══ Input

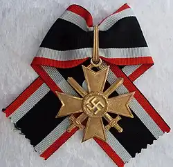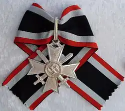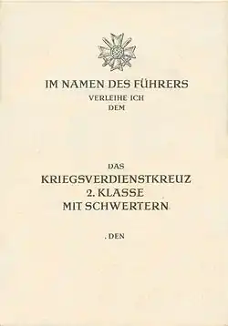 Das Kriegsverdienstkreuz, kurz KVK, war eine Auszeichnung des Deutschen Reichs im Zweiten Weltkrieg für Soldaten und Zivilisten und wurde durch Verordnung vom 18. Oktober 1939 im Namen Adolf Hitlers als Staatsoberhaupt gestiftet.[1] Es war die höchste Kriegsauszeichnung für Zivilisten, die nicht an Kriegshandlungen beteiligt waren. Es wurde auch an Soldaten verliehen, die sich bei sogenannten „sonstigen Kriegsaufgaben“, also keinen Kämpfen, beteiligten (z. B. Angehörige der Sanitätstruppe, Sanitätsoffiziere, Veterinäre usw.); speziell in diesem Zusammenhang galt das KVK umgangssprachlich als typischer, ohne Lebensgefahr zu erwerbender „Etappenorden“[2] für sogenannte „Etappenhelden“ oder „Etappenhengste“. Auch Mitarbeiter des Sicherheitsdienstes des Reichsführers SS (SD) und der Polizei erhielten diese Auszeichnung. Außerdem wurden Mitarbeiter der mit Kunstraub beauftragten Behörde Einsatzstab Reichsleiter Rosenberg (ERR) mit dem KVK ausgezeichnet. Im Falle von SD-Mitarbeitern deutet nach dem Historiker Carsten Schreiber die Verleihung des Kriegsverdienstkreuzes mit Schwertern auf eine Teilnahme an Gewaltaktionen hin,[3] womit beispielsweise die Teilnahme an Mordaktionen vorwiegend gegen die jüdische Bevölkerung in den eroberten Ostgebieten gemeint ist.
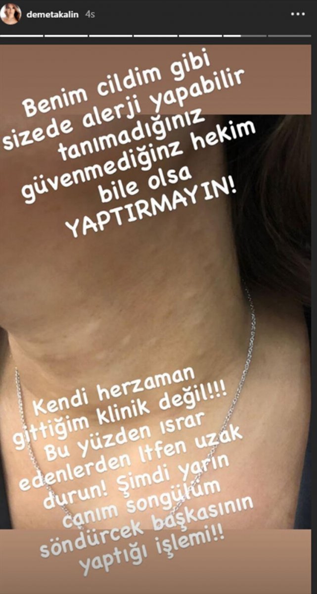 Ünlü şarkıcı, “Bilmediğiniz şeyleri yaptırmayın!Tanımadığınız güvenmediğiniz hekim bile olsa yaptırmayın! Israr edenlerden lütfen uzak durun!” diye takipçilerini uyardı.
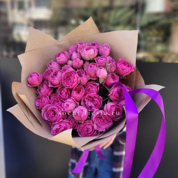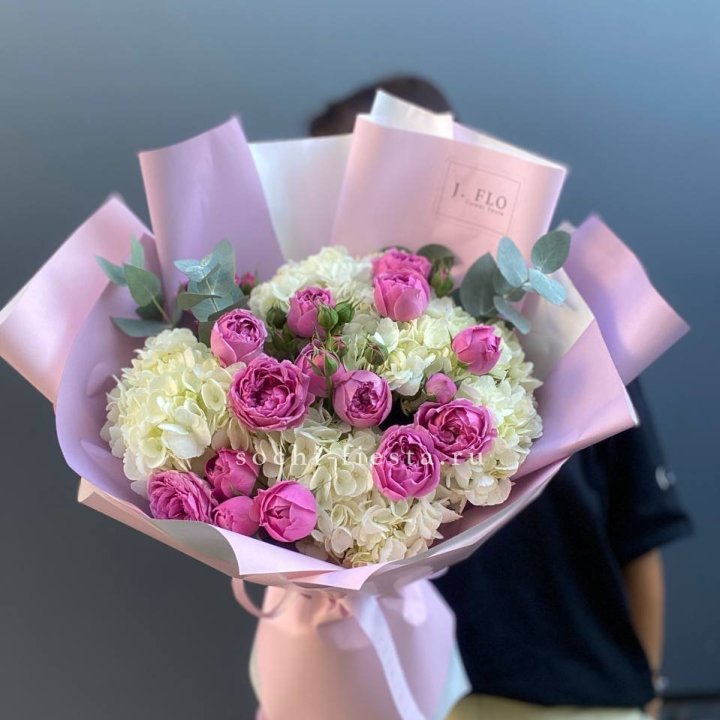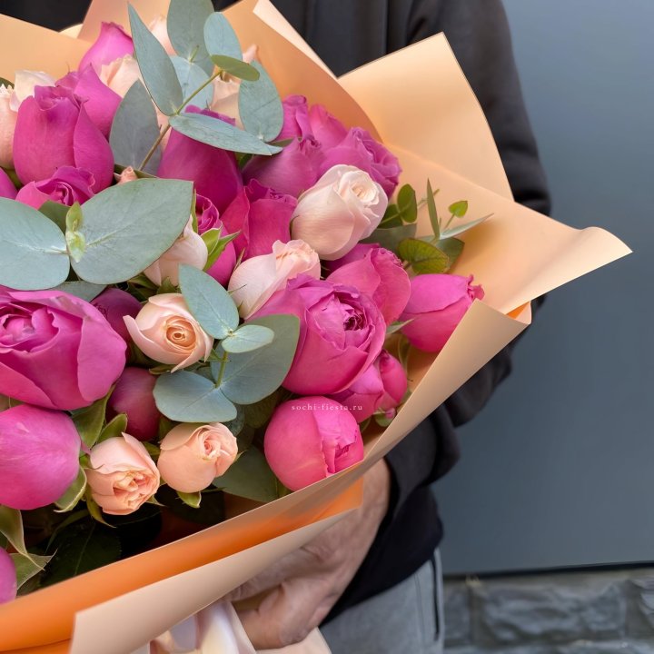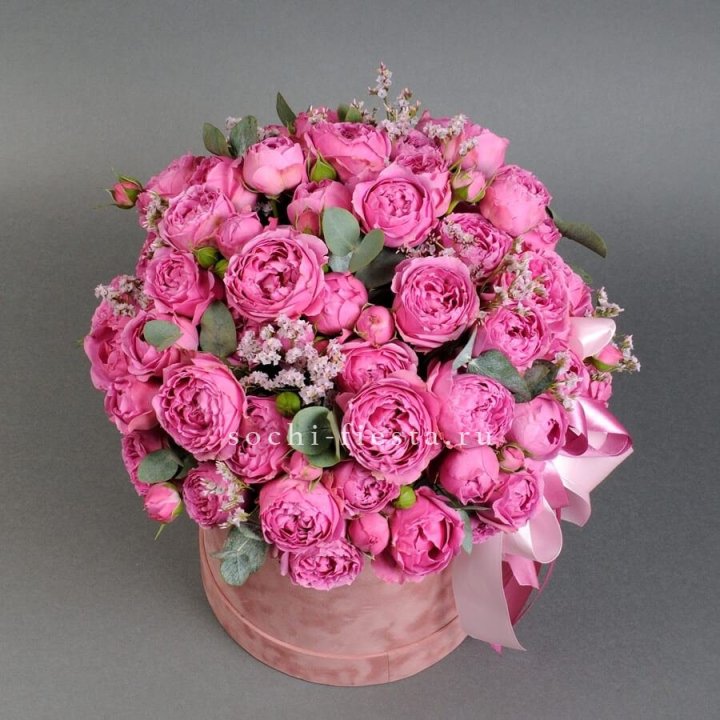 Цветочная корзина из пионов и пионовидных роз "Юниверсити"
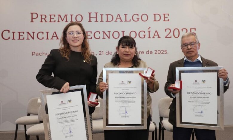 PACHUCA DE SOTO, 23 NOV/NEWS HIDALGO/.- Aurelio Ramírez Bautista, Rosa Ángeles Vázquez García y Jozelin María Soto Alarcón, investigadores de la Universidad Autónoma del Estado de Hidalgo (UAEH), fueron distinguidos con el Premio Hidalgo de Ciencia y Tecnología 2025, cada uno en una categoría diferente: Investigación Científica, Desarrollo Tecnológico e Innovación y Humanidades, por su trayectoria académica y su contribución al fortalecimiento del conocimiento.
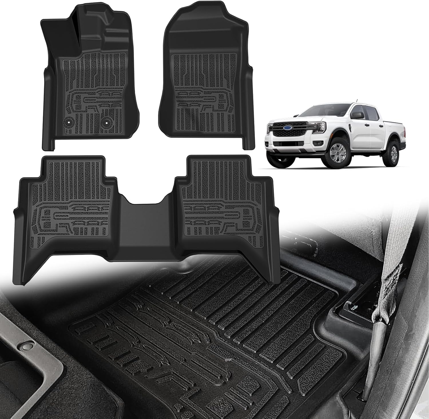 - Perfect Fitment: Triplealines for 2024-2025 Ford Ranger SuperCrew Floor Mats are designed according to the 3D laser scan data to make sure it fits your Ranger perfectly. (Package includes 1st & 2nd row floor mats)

════
══ Input

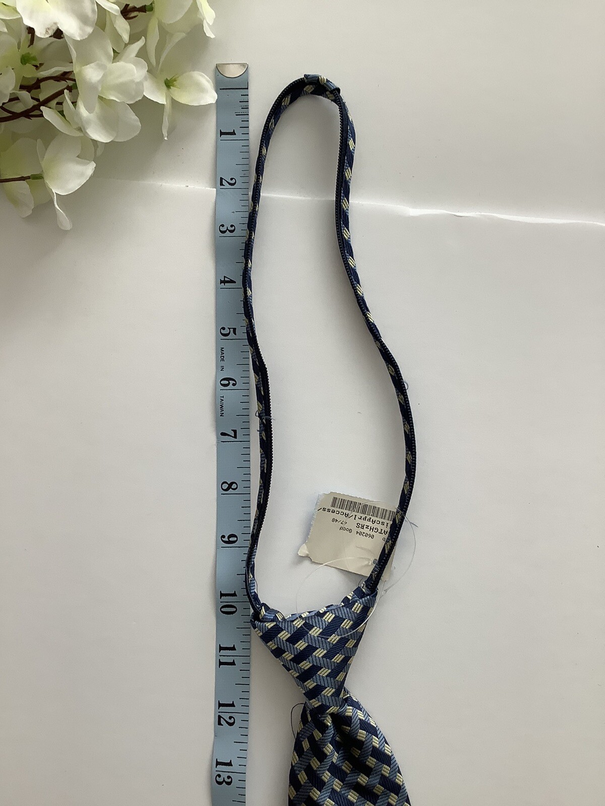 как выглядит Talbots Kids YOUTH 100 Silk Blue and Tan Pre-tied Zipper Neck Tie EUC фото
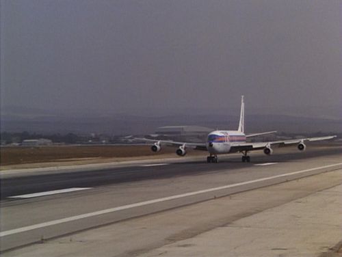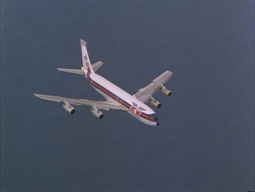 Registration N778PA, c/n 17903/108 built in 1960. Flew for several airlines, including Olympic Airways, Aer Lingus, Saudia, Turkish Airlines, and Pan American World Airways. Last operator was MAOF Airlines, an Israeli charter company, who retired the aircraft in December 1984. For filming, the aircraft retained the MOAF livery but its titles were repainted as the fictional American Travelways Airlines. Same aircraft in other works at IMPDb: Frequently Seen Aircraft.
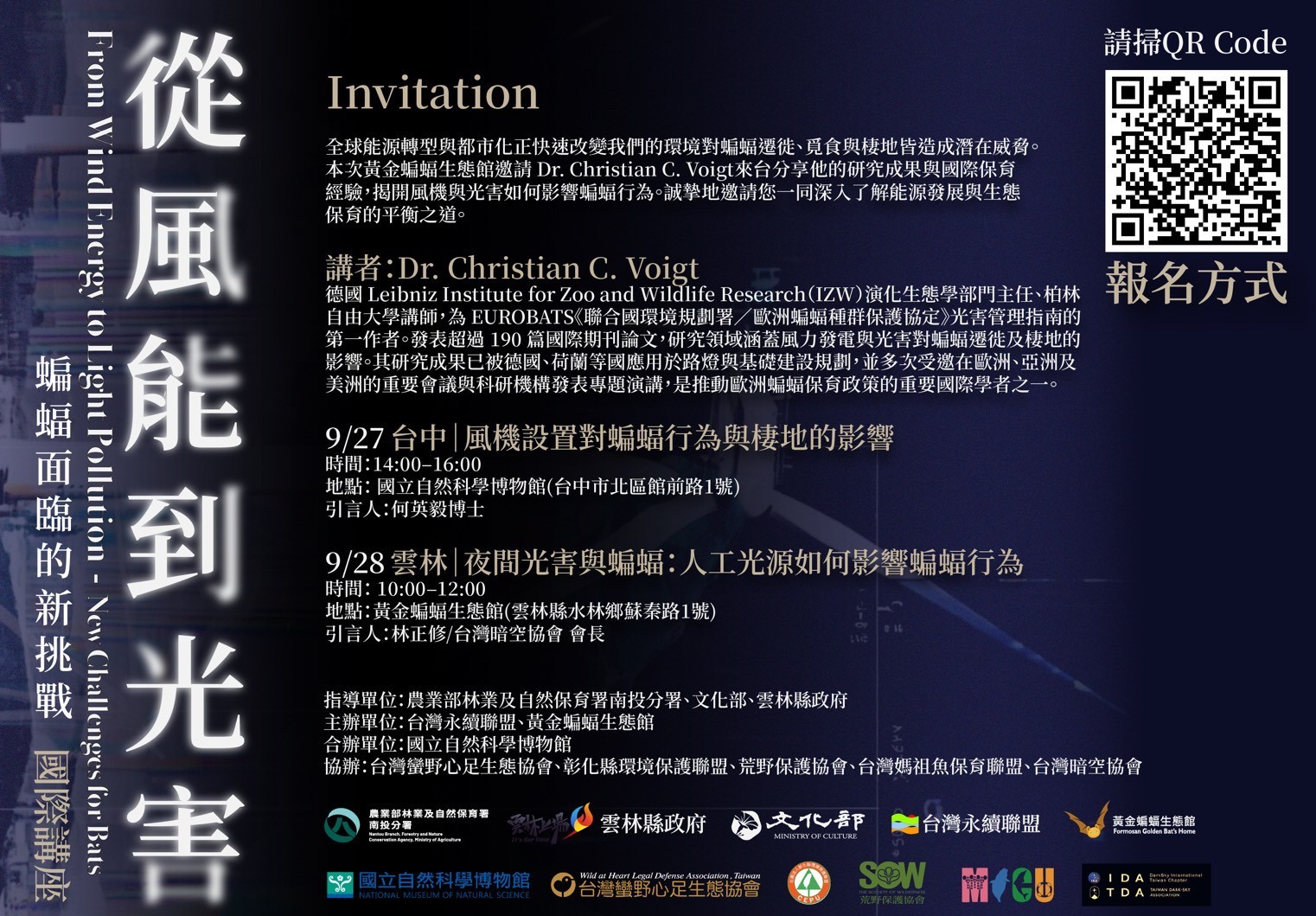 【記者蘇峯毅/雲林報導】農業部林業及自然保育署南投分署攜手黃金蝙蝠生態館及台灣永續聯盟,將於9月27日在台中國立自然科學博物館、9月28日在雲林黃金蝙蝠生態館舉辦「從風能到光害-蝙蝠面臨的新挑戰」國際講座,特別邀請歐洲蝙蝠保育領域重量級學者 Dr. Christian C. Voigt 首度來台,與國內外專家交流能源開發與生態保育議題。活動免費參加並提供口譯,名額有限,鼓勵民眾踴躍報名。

════
══ Input

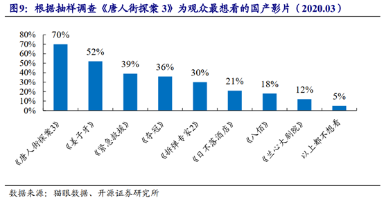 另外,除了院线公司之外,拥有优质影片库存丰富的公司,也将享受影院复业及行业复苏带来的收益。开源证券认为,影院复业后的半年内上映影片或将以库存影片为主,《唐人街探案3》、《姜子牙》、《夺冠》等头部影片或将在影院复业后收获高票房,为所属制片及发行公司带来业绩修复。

════

### Work item
Within the listing above, extract exactly the lines that run from the one containing "diye takipçilerini uyardı." through the one containing "- Perfect Fitment: Triplealines", excluding any pictures.

### Exercise solution
 Ünlü şarkıcı, “Bilmediğiniz şeyleri yaptırmayın!Tanımadığınız güvenmediğiniz hekim bile olsa yaptırmayın! Israr edenlerden lütfen uzak durun!” diye takipçilerini uyardı.
 Цветочная корзина из пионов и пионовидных роз "Юниверсити"
 PACHUCA DE SOTO, 23 NOV/NEWS HIDALGO/.- Aurelio Ramírez Bautista, Rosa Ángeles Vázquez García y Jozelin María Soto Alarcón, investigadores de la Universidad Autónoma del Estado de Hidalgo (UAEH), fueron distinguidos con el Premio Hidalgo de Ciencia y Tecnología 2025, cada uno en una categoría diferente: Investigación Científica, Desarrollo Tecnológico e Innovación y Humanidades, por su trayectoria académica y su contribución al fortalecimiento del conocimiento.
 - Perfect Fitment: Triplealines for 2024-2025 Ford Ranger SuperCrew Floor Mats are designed according to the 3D laser scan data to make sure it fits your Ranger perfectly. (Package includes 1st & 2nd row floor mats)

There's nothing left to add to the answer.